- _REQUIRED WORK_
All that should be output is the block of lines below from the line with "湯船に浸かりながら静寂に包まれる「森の源泉」" to the line with "A digital illustration", both included, exactly as written.

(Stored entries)
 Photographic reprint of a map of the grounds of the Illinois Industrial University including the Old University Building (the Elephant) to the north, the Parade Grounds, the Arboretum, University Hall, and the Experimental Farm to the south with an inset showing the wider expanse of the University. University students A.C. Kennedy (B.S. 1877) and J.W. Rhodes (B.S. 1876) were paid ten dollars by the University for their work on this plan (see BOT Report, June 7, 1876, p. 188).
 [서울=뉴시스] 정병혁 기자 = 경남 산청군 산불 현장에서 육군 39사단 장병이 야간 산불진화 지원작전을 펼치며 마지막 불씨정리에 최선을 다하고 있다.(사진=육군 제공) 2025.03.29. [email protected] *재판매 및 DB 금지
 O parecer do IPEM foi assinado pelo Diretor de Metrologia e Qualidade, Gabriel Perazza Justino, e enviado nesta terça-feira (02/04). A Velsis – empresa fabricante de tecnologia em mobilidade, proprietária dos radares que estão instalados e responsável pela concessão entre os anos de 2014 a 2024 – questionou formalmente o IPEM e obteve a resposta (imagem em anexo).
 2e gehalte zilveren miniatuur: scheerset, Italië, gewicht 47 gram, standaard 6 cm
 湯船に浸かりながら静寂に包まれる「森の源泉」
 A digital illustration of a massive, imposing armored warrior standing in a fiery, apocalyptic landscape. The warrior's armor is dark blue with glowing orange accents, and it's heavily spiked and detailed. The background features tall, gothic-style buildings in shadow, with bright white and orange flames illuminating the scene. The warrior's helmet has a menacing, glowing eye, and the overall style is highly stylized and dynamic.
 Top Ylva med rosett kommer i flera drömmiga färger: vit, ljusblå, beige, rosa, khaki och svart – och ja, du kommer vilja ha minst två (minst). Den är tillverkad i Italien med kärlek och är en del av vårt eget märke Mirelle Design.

- _ANSWER SPACE_
 湯船に浸かりながら静寂に包まれる「森の源泉」
 A digital illustration of a massive, imposing armored warrior standing in a fiery, apocalyptic landscape. The warrior's armor is dark blue with glowing orange accents, and it's heavily spiked and detailed. The background features tall, gothic-style buildings in shadow, with bright white and orange flames illuminating the scene. The warrior's helmet has a menacing, glowing eye, and the overall style is highly stylized and dynamic.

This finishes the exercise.